Marker Title: Original Townsite of Andrews
Address: 700 W. Broadway (SH 176)
City: Andrews
County: Andrews
Year Marker Erected: 1970
Marker Location: 700 W. Broadway, Andrews (at Chamber of Commerce)
Marker Text: Founded when Andrews County was organized in 1910, on land owned by Robert Madison Means (b. 1878). With his father, J. S. Means, "Bob" Means began homesteading here in 1899 and organized an abstract company in 1909. When Andrews battled Shafter City to acquire county seat, Means donated lots to local cowboys so they could vote; helped win election.

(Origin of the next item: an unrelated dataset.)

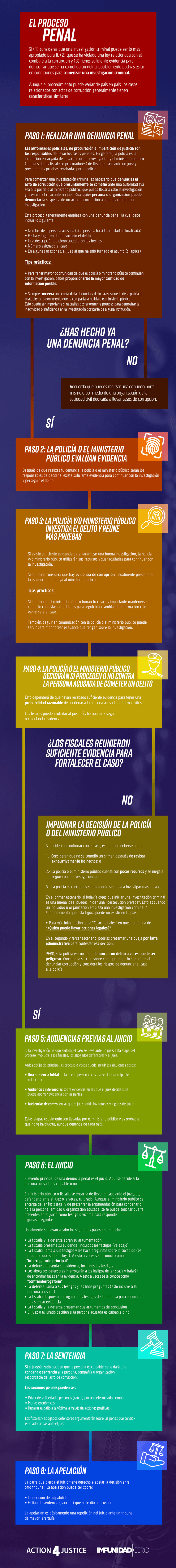 Si reportas un acto de corrupción ante un policía o ante un fiscal/ministerio público, se iniciará una investigación criminal. Esta sirve para determinar si la persona acusada de cometer un acto de corrupción, cometió un crimen o no. Por ejemplo, el soborno es considerado un delito en casi todos los países. Si este es detectado y condenado efectivamente, se pueden prevenir otros crímenes relacionados con este acto de corrupción.
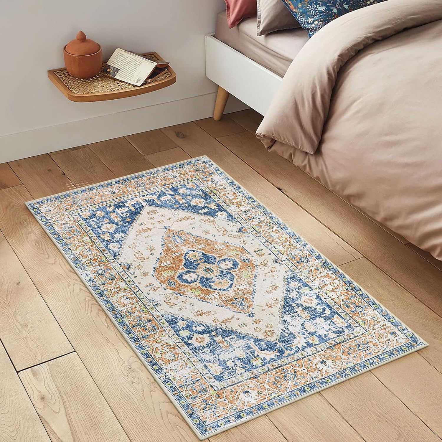 Lahome Boho Small Entryway Rug - 2x3 Non-Slip Washable Rugs for Kitchen Oriental Throw Ultra-Thin Area Rugs for Bedroom Accent Distressed Blue Floor Doormat Carpet for Bathroom Laundry Living Room

Married Atwood Wilder, 1910; was county clerk, 1918-1922; civic leader throughout life. Town has grown through many gifts of real estate and funds from Means, who retired after finding oil on his land in 1934. (1970)

"C" Ranch House

Marker Title: "C" Ranch House
Address: 10 mi. from SH 158/FM 1788 intersection; private access
City
: Andrews
County: Andrews
Year Marker Erected: 1966
Marker Location: From Andrews, 10 mi. from SH 158/FM 1788 intersection; private access.
Marker Text: First privately owned land in Midland area, purchased in 1883 by Nelson Morris of Chicago. Then known as the Chicago Ranch, it had the first wire fence and windmill in West Texas and world's largest herd of Black Angus cattle. Recorded Texas Historic Landmark, 1966.

Shafter Lake Cemetery

Marker Title: Shafter Lake Cemetery
Address: 7 mi. N on SH 385; 3.2 mi. W on FM 1967; 1.6 mi. S on CR NW 2001
City: Andrews
County: Andrews
Year Marker Erected: 1973
Marker Location: From Andrews, take SH 385 north 7 miles, then go west on FM 1967 about 3.2 miles. Go south on CR NW 2001 about 1.6 mile.
Marker Text: (1.5 miles West) Established just after turn of the century, on the south bank of Shafter Lake, and two miles south of the extinct settlement of Shafter Lake. Named for Colonel William R. Shafter (1835-1906), who led military expedition through region in 1875. It became the resting place for residents of remote ranches and travelers. Oldest legible gravestones are dated 1909; those of Joseph Snively and Mrs. Lucy Woolsey. Several remains have been removed by relatives; site now contains 12 known graves. The once neglected cemetery is cared for by Andrews County. (1973)

Shafter's Trail

Marker Title: Shafter's Trail
Address: On median at intersection of SW 1st and S. Main Sts.
City: Andrews
County: Andrews
Year Marker Erected: 1965
Marker Location: On median at corners of S. Main and 300 SW 1st St., Andrews
Marker Text: In 1875, Col. Wm. R. Shafter and a company of soldiers traveled from Fort Concho (where San Angelo is today) to Monument Springs, New Mexico, charting the arid plains, mapping all the vital watering places. This marker is in the only town of today through which Shafter's Trail passes. Here Col. Shafter, defending his party, chased Indians who ran 12 miles to the northwest. Thus he found the salt lake known ever after by his name. His expedition's maps of this formerly unknown land opened the Permian Basin to settlement. (1965).